__Task description__: Below this line are records; transcribe exactly the lines between the one holding "Conceptual image of" and the one holding "от прикуривателя |", inclusive, and omit the pictures.

Data entries

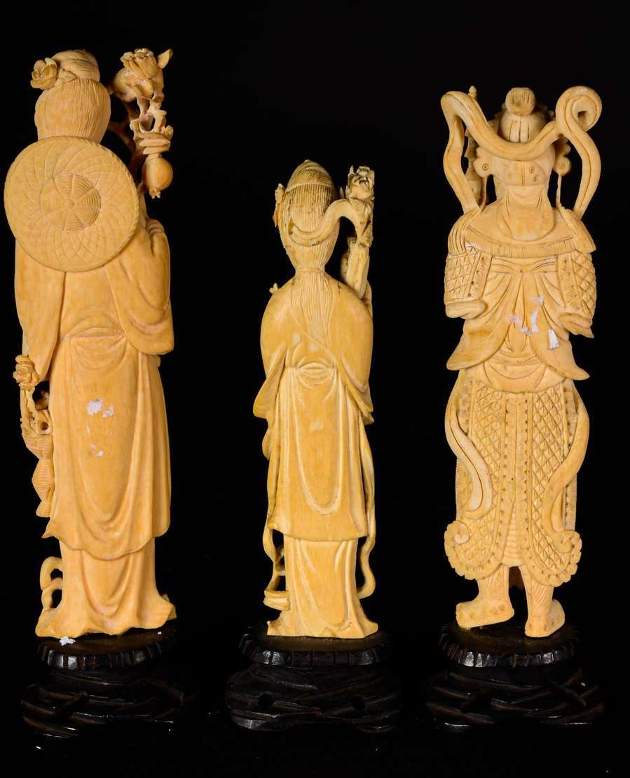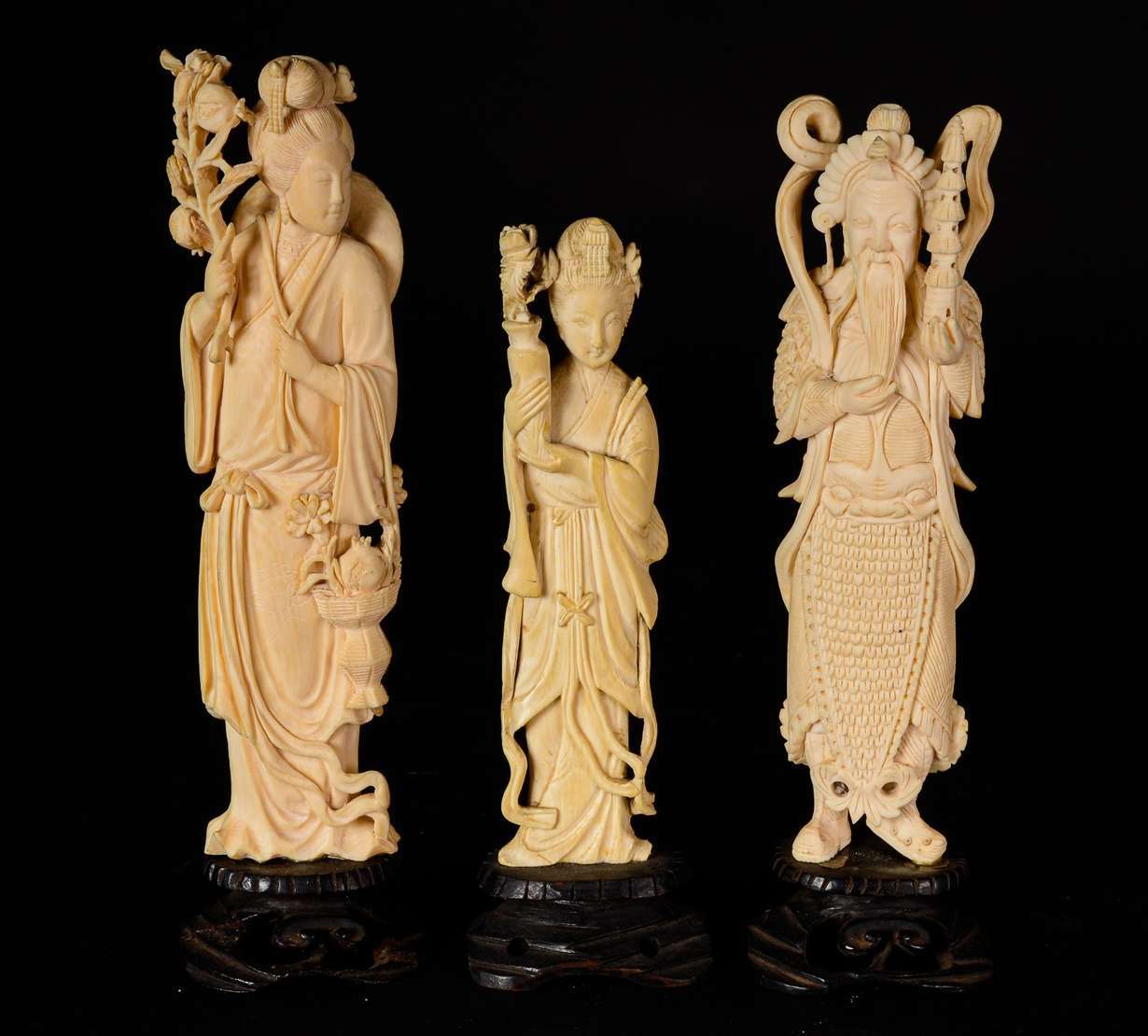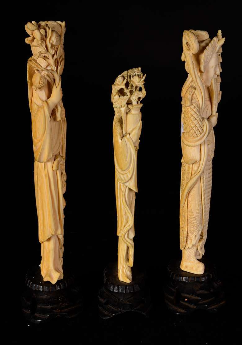 Escultura de marfim representando gueixa com flores, base de madeira. Altura total: 33 cm.
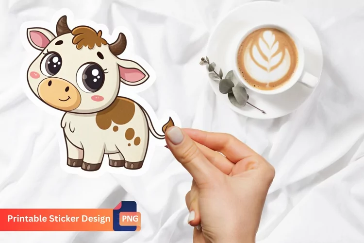Similar Design Products to Cute Cow Sticker, Cute Animal Sticker, Cute Cow Floral Art
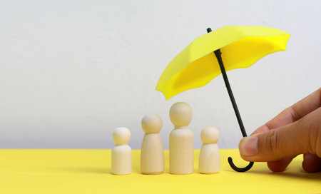 Conceptual image of insurance. Businessman holding yellow umbrella protecting people figure.
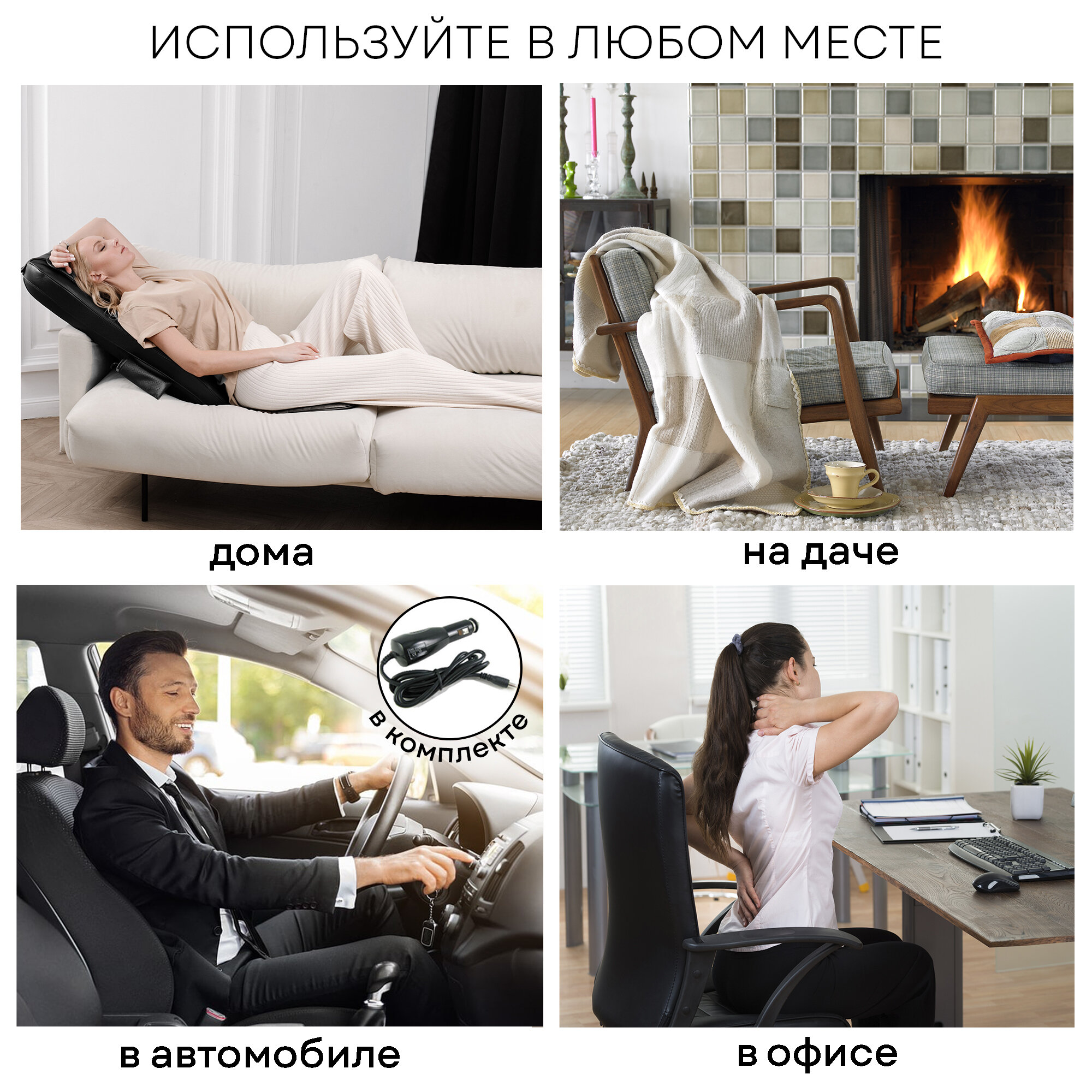 | Плюсы: | Массажные ролики с подогревом, вибрация, можно использовать дома от сети или в машине от прикуривателя |
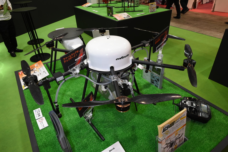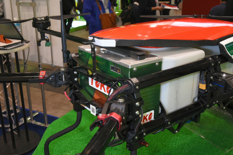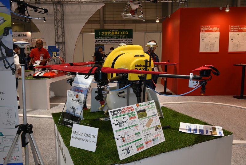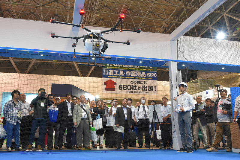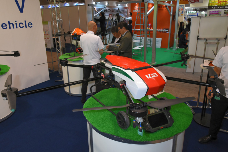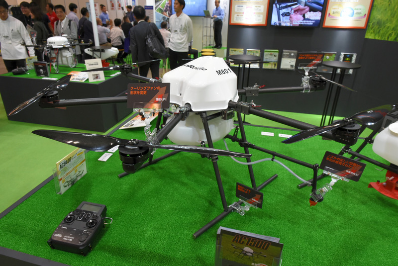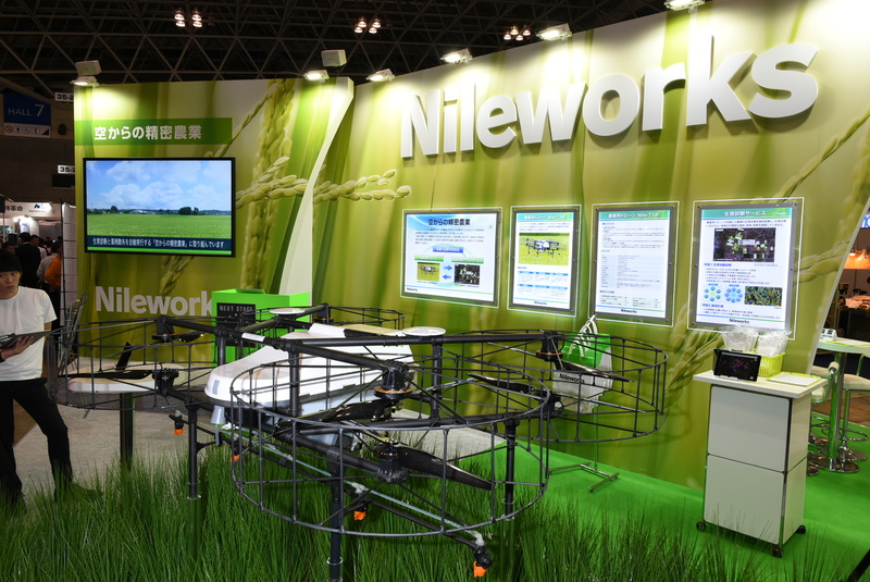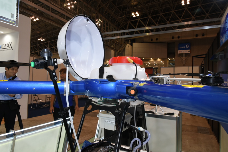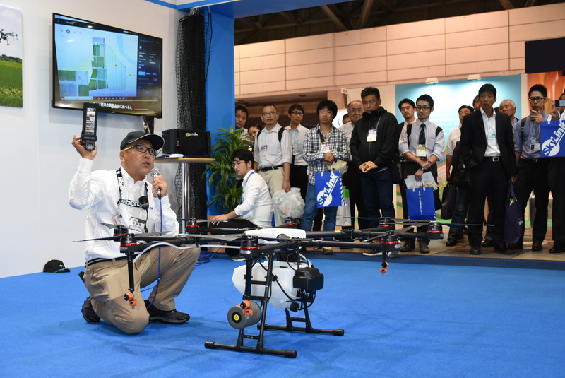 10月10日から12日の3日間、千葉県千葉市の幕張メッセで農業分野の総合展示会「第8回農業ワールド」が開催された。その中で、スマート農業や植物工場といった、最新の農業技術が展示される「第5回次世代農業EXPO(AGRINEXT)」では、農業分野における省力化や人材不足を補うドローン分野の出展が多く見られた。とくに今回は来年早々にも認められるといわれている農薬散布における自動航行を見込んで、ドローンメーカー各社は自動航行機能を搭載したモデルを中心に出展していた。
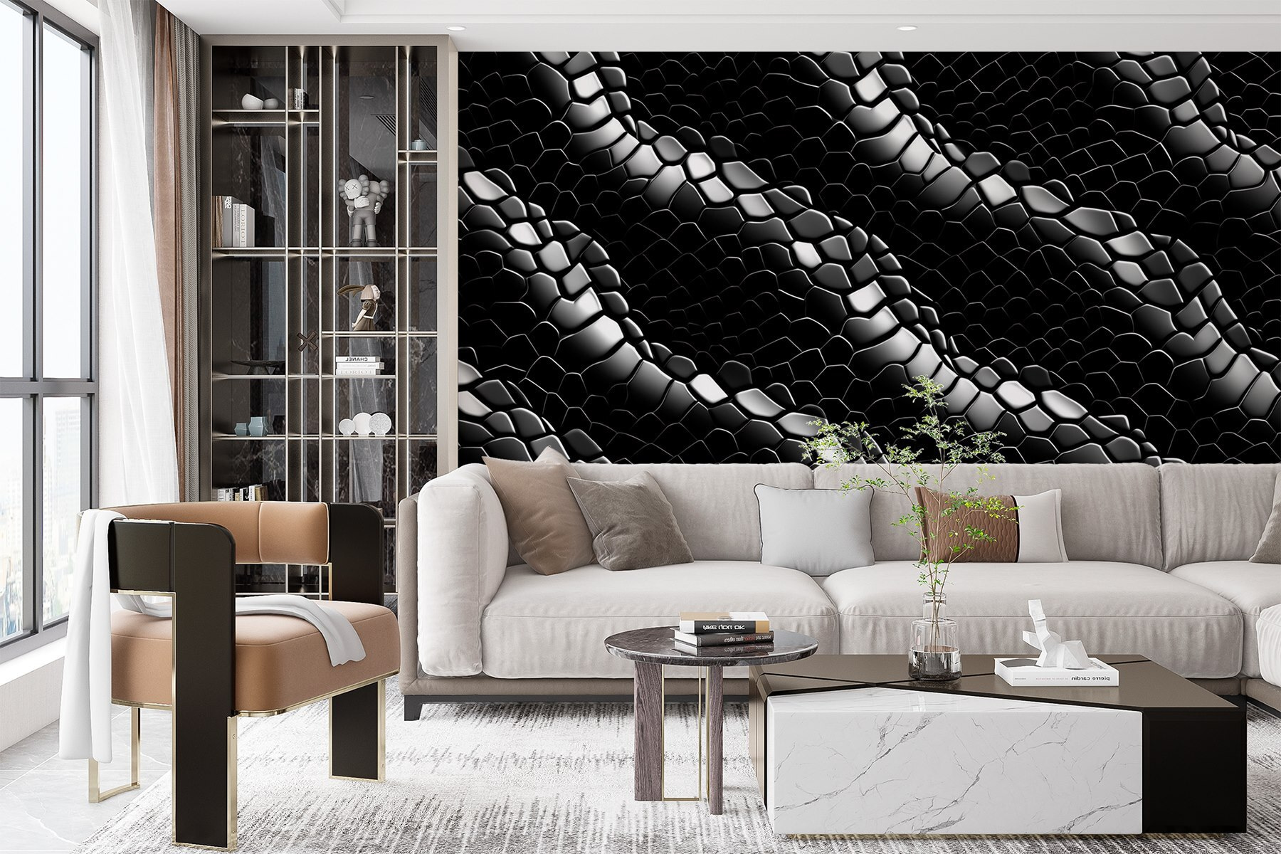 Transformeer elke ruimte met deze muurschildering met een ingewikkeld patroon dat over de muren danst. Stel je voor dat je een kamer binnenloopt en begroet wordt door dit opvallende ontwerp – onmiddellijk boeiend. Het heeft diepte, bijna alsof het je uitnodigt om met je vingers over de gladde oppervlakken te gaan. Stel je voor dat dit de achtergrond is voor gezellige praatjes met vrienden, of een opvallend statement dat alle blikken naar binnen trekt. Het is perfect voor die ene muur die wel wat extra liefde kan gebruiken en het alledaagse verandert in iets buitengewoons. Hang het op en kijk hoe elke gast een dubbele blik werpt – wie wil er nu geen muur die vreugde uitstraalt?
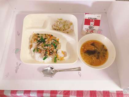「豚ひき肉とにらのそぼろ丼」は、豚ひき肉、にんじん、たまねぎ、青みににらを使っています。ごはんがすすむ、児童に好評な献立です。
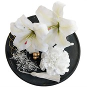 内容:カサブランカ15cm 2点、白ダリア1点、プリザーブドフラワーカスミ草3点、金ボール3点付1点、金水引1点、白タッセル1点 ※商標5952326号取得済み
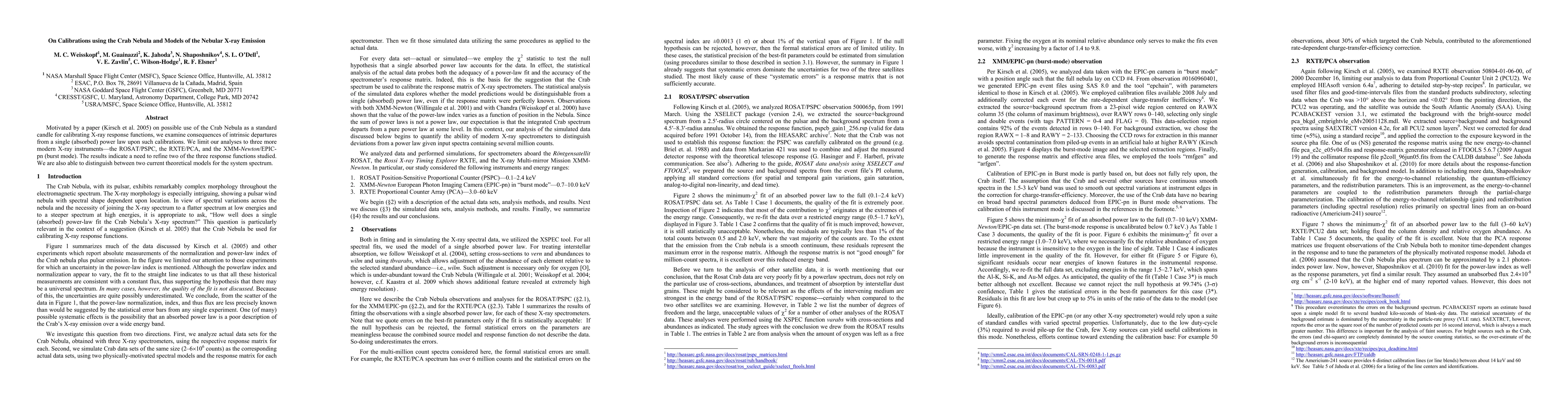 Motivated by a paper (Kirsch et al. 2005) on possible use of the Crab Nebula as a standard candle for calibrating X-ray response functions, we examine consequences of intrinsic departures from a single (absorbed) power law upon such calibrations. We limit our analyses to three more modern X-ray instruments-the ROSAT/PSPC, the RXTE/PCA, and the XMM-Newton/EPIC-pn (burst mode). The results indicate a need to refine two of the three response functions studied. We are also able to distinguish between two current theoretical models for the system spectrum.

__Your response__:
 Conceptual image of insurance. Businessman holding yellow umbrella protecting people figure.
 | Плюсы: | Массажные ролики с подогревом, вибрация, можно использовать дома от сети или в машине от прикуривателя |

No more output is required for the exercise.